### [Your goal]
Please make an exact copy of the lines from the one holding "薪サウナ休業開始の 2025年1月2日 から" through the end of the data, both ends included, with no pictures.

### [Data shown]
● ● ● ● ● ● ●

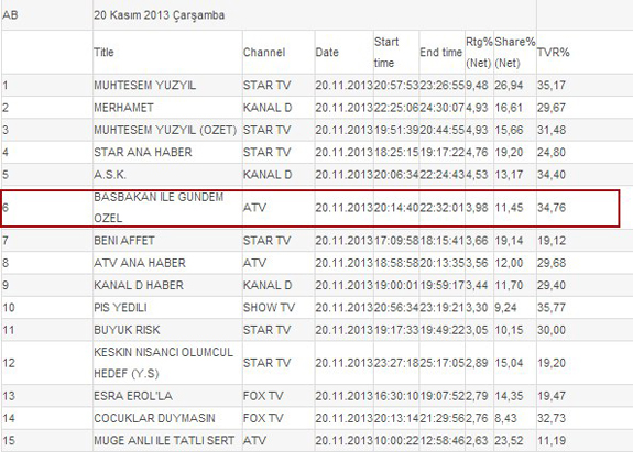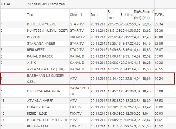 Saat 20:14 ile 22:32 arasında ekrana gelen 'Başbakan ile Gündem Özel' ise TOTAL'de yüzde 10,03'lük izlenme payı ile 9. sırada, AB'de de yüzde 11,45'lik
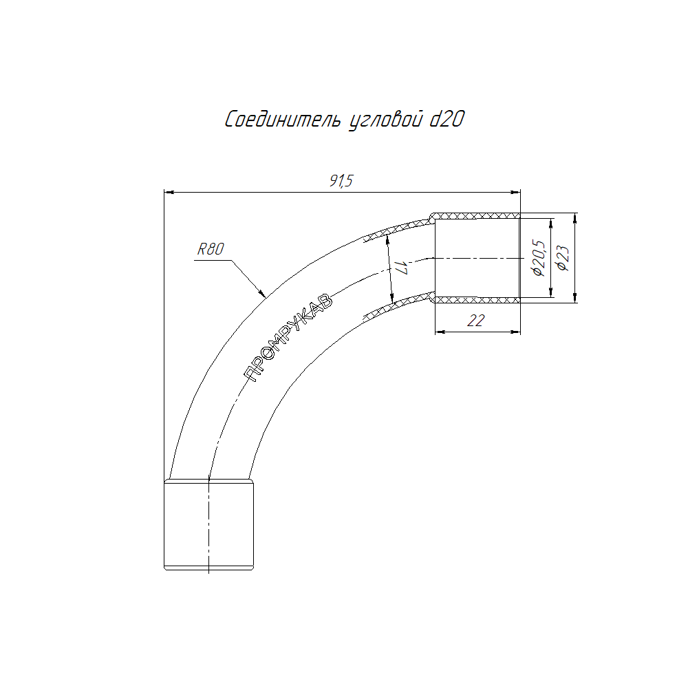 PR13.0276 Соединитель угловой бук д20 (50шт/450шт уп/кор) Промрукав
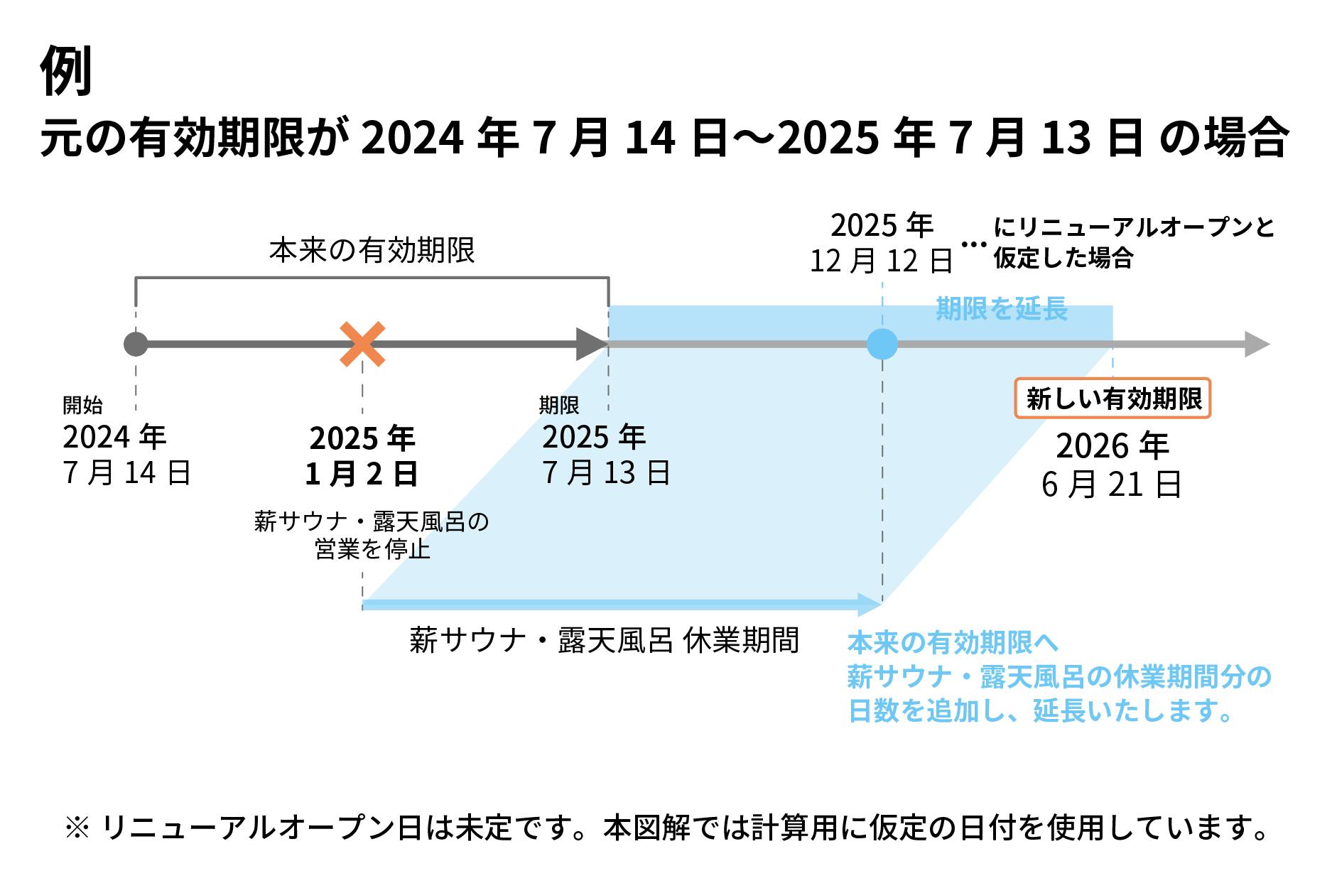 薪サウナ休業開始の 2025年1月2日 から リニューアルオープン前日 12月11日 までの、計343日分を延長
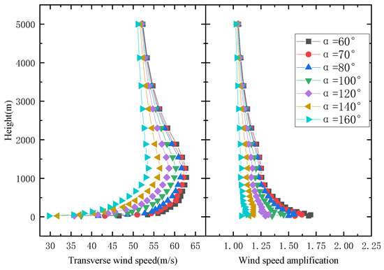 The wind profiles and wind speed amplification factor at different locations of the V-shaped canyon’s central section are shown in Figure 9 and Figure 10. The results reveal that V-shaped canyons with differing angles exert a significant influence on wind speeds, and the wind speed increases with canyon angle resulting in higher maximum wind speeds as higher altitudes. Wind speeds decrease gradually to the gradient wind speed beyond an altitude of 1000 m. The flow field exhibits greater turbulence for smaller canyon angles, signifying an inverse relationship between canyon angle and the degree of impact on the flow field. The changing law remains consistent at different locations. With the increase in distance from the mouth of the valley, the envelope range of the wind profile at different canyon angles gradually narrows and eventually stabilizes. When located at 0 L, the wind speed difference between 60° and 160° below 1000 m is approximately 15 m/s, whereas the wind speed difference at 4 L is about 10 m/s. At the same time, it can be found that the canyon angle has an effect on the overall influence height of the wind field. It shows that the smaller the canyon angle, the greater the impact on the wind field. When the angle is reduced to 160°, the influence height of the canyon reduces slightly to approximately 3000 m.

● ● ● ● ● ● ●

### [Solved problem]
 薪サウナ休業開始の 2025年1月2日 から リニューアルオープン前日 12月11日 までの、計343日分を延長
 The wind profiles and wind speed amplification factor at different locations of the V-shaped canyon’s central section are shown in Figure 9 and Figure 10. The results reveal that V-shaped canyons with differing angles exert a significant influence on wind speeds, and the wind speed increases with canyon angle resulting in higher maximum wind speeds as higher altitudes. Wind speeds decrease gradually to the gradient wind speed beyond an altitude of 1000 m. The flow field exhibits greater turbulence for smaller canyon angles, signifying an inverse relationship between canyon angle and the degree of impact on the flow field. The changing law remains consistent at different locations. With the increase in distance from the mouth of the valley, the envelope range of the wind profile at different canyon angles gradually narrows and eventually stabilizes. When located at 0 L, the wind speed difference between 60° and 160° below 1000 m is approximately 15 m/s, whereas the wind speed difference at 4 L is about 10 m/s. At the same time, it can be found that the canyon angle has an effect on the overall influence height of the wind field. It shows that the smaller the canyon angle, the greater the impact on the wind field. When the angle is reduced to 160°, the influence height of the canyon reduces slightly to approximately 3000 m.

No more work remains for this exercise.